2.
"Chi rincasa in mezzo al mare
chi rinuncia a respirare
chi coltiva un gran deserto
chi si occulta a viso aperto."
Il look per un latitante è fondamentale. Non può essere scelto a caso perché deve coniugare le caratteristiche somatiche e le esigenze di fuga del soggetto con le caratteristiche sociali e culturali del luogo prescelto. In questo senso presentarsi con un travestimento gitano, punk, dark o tardo hippy alla frontiera svizzera è una pessima idea.
In genere deve essere sobrio, ma soprattutto va rispettata la regola aurea che esige sia il più possibile rassicurante. Deve dare l'impressione ai poliziotti che lo osservano o che lo hanno fermato di perdere solo del tempo, perché è impossibile che uno così sia un poco di buono. Di conseguenza fui costretto a impersonare stereotipi di ambienti sociali molto diversi da quello a cui appartenevo e frequentavo (che in quanto a look lasciava molto a desiderare).

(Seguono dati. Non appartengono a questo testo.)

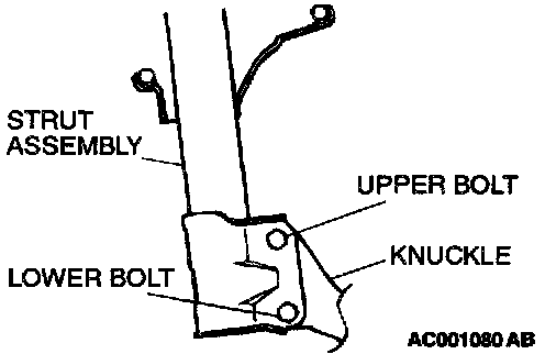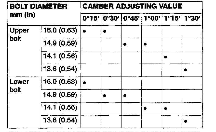 1. Estimate how much additional camber adjustment is required. Using the table below, select the camber adjusting bolt, and then replace the knuckle and strut assembly connection bolts (upper bolt, lower bolt) with the selected.
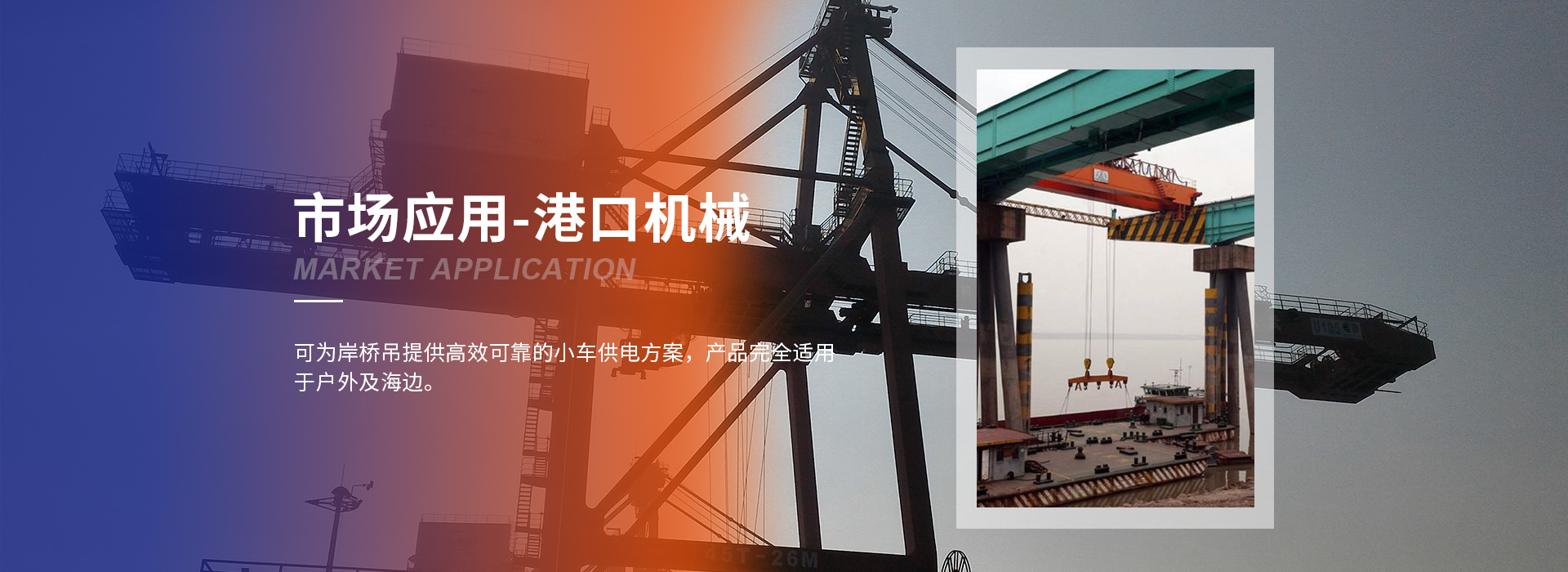 可為岸橋吊提供高效可靠的小車(chē)供電方案,產(chǎn)品完全適用于戶(hù)外及海邊。

I miei personaggi avevano solo un ruolo di protezione visiva, non avrebbero mai retto a un controllo più approfondito. Da qui la necessità di un buon livello di recitazione e di una cura maniacale dei particolari. Fino al mio ritorno in Italia e la conseguente scoperta che nessuno si sognava di darmi la caccia, avevo sempre pensato di essere un Fregoli del travestimento; da allora ho iniziato a dubitarne.
Bernard, il mio primo personaggio, lo copiai dai film di Louis de Funès. Capello corto, orecchie scoperte (sulle foto segnaletiche sono sempre ben visibili), barba, tipo pizzo, ben curata, finti occhiali da vista con montatura leggera simil-tartaruga. Completi sul marroncino acquistati al B.H.V. di Rue de Rivoli, cravatte decisamente ignobili, e a qualsiasi ora, bene in vista, una copia di "France Soir" che spunta dalla tasca del cappotto o della giacca a seconda delle stagioni. Infine una borsa in pelle di infima qualità, accuratamente consunta nei posti giusti.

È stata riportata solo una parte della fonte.